In our last column,1 we noted how busy the Court of Appeals was on Feb. 18 of this year dealing with a series of significant insurance law issues. Limited by space restrictions and noting the existence of several articles that had already been written about K2 Investment Group v. American Guarantee & Liability Ins.(K2-II), 22 NY3d 578 (Feb. 18, 2014), we elected to write about Country-Wide Ins. v. Preferred Trucking Services, 22 NY3d 571 (Feb. 18, 2014), and to reserve to another day a discussion of QBE Insurance Corp. v. Jinx-Proof, 22 NY3d 1105 (Feb. 18, 2014), which deals with “reservation of rights” letters. This is that day.

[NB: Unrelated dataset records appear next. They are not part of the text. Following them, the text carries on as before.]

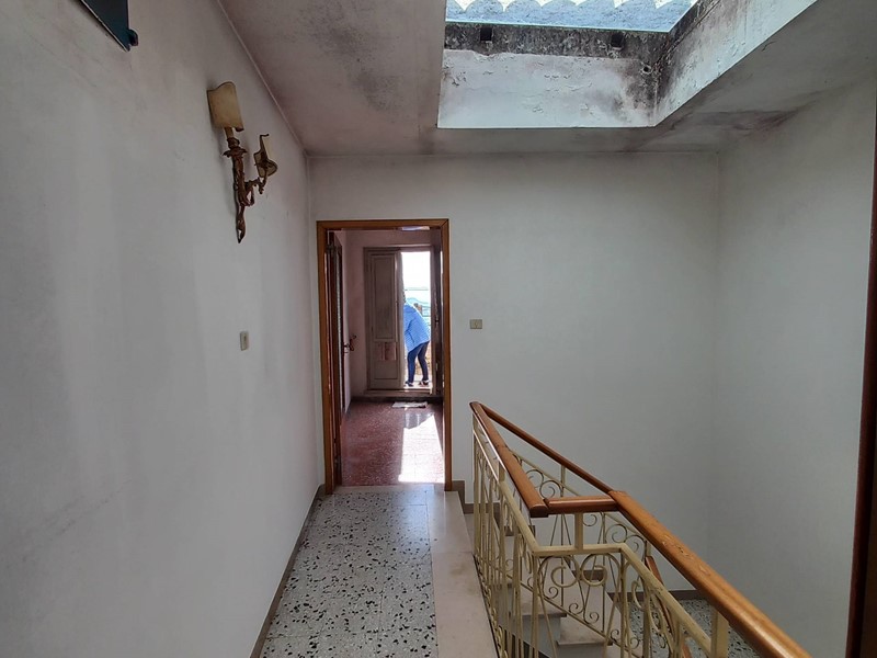 La casa articolata su 4 livelli per un totale di 170 mq si presenta abitabile da subito se pur possibile fare opere di amodernamento, tipo: rinnovare i bagni e migliorare l'isolamento del lucernario del quarto piano che da luce a tutto il vano scala. L'abitazione ha al piano terra un ingresso su locale commerciale, ex negozio di parrucchieria, un locale uso magazzino ed una bellissima grotta interamente in pietra e mattoni, ideale come cantina. Al primo piano troviamo un soggiorno con camino ed una cucina anch'essa con camino. Al terzo piano una camera da letto con i due bangi. Al quarto piano le altre due camere da letto, più un balcone panoramico con vasca per il bucato. La casa è posta lungo il corso principale adiacente ad attività commerciali e ricreative, ha una luminosa, ampia e comoda scala di comunicazione tra i vari piani ed infissi in buono stato. Completa la proprietà un appezzamento di terreno agricolo sito appena fuori le mura del paese di complessivi 3.650 mq.
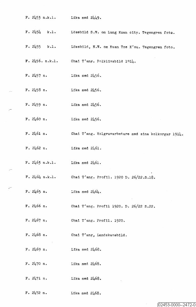 • Sida ur katalog för fotografier av Johan Gunnar Andersson, F.2000-3984.
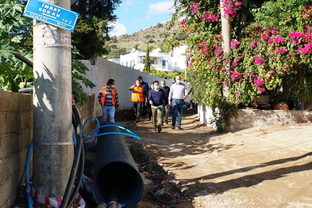 Bodrum Belediye Başkanı Ahmet Aras, başkan yardımcıları Önder Batmaz ve Turgay Kaya ile birlikte bu kapsamda yürütülen çalışmaların devam ettiği ve tamamlandığı bazı sokak ve caddelerde incelemelerde bulundu.
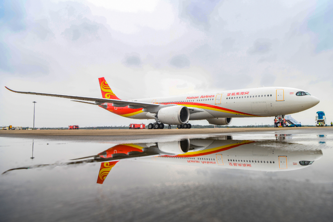 海南航空一架全新客机顺利降落在海口美兰国际机场中华金配。苏弼坤 摄
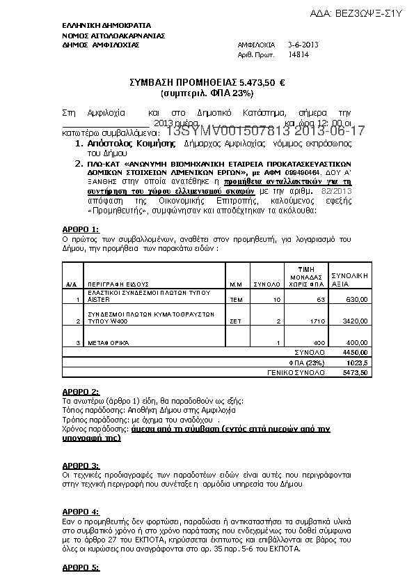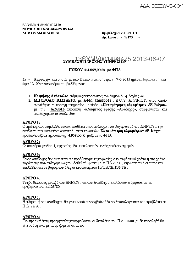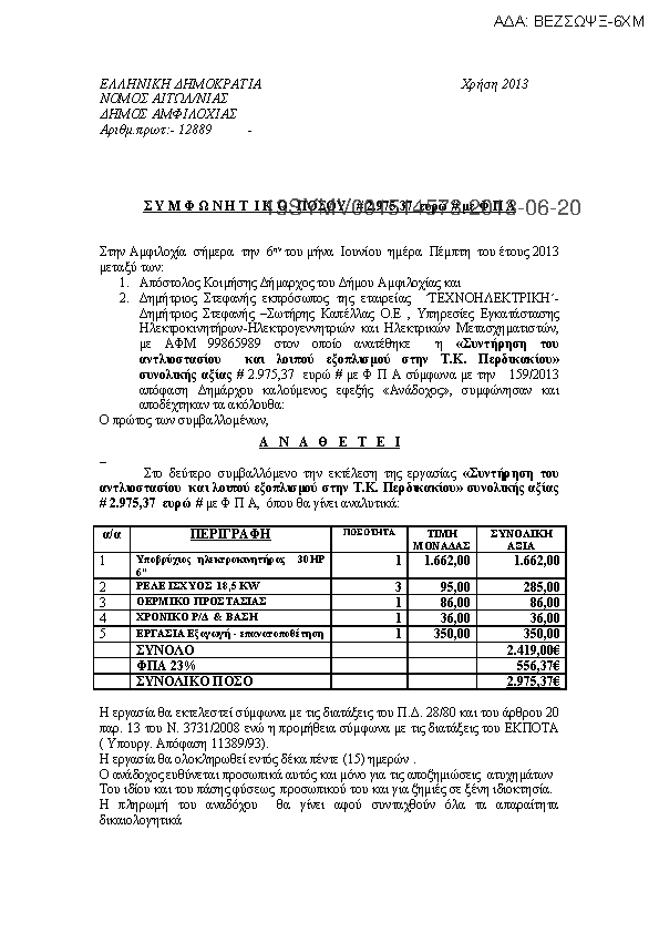 4. ΣΥΜΒΑΣΗ ΓΙΑ ΤΗ ΣΥΝΤΗΡΗΣΗ ΤΟΥ ΑΝΤΛΙΟΣΤΑΣΙΟΥ ΚΑΙ ΛΟΙΠΟΥ ΕΞΟΠΛΙΣΜΟΥ ΣΤΗ ΤΚ ΠΕΡΔΙΚΑΚΙΟΥ
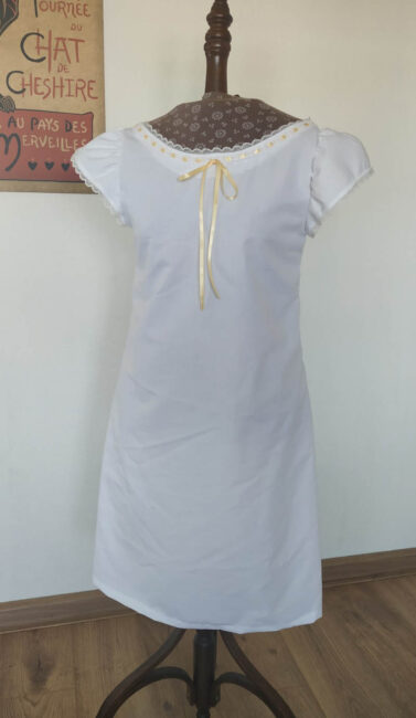 Tot nu toe droeg ik onder mijn Victoriaanse kostuums gewoon moderne shirtjes als onderkleding. Maar eigenlijk hoor je er een chemise (onderjurk) onder te dragen. Ik besloot om er eindelijk eens eentje te maken voor het eerstvolgende Victoriaanse LARP-evenement – degene waar ik ook al de polonaise jurk voor gemaakt had.
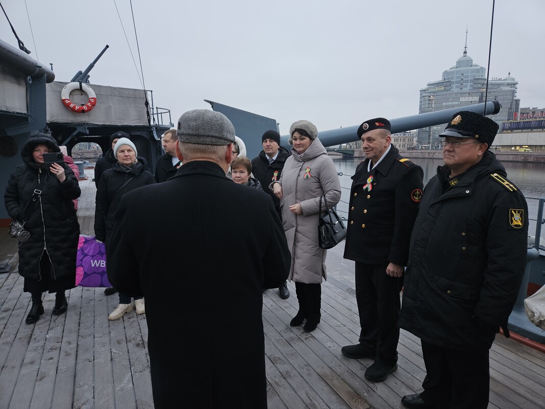 Для делегации была проведена обширная экскурсия по крейсеру «Аврора» и экспозиции филиала, которую блестяще провели лекторы-экскурсоводы С. Самарин и А. Сизов. Это мероприятие стало ярким стартом празднования, напомнив об общих героических страницах истории и укрепив дух морского братства.
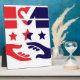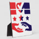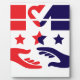 This design features a circular design with striped and colourful shapes, a handshake prominently displayed at the bottom, a ballot shape in the middle with a check mark icon created as negative space, and five arranged stars at the centre.
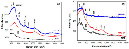 UV–Raman spectra of the (a) AM1(-/S1/S2) and (b) AM2(-/S1/S2) samples.

One of the most well-established principles of New York Insurance Law is that reservation of rights letters get little respect in this state. The New York courts have consistently held that a letter in which an insurer simply reserves its rights to deny or disclaim coverage, but does not unequivocally deny or disclaim, “has no relevance to the question whether the insurer has timely sent a notice of disclaimer of liability or denial of coverage,” and, thus, whether certain defenses to coverage have been waived. Hartford Ins. v. County of Nassau, 46 NY2d 1028 (1979). See also, Strauss Painting v. Mt. Hawley Ins. 105 AD3d 512 (1st Dept. 2013) (letters intended to preserve carrier’s right to disclaim were insufficient to actually disclaim coverage); Long Island Lighting v. Allianz Underwriters Ins., 104 AD3d 581 (1st Dept. 2013) (reservation of rights letter, which specifically reserved defense of late notice and sought additional information, did not preclude finding of waiver due to failure to timely issue a disclaimer); Penn Millers Ins. v. C.W. Cold Storage, 103 AD3d 1132 (4th Dept. 2013) (reservation of rights letter allowed insured to ‘preserve its defense under the policy until the facts supporting disclaimer became clear,’ but did not permit it “to unreasonably delay the exercise of those rights to the detriment of [the insured]“).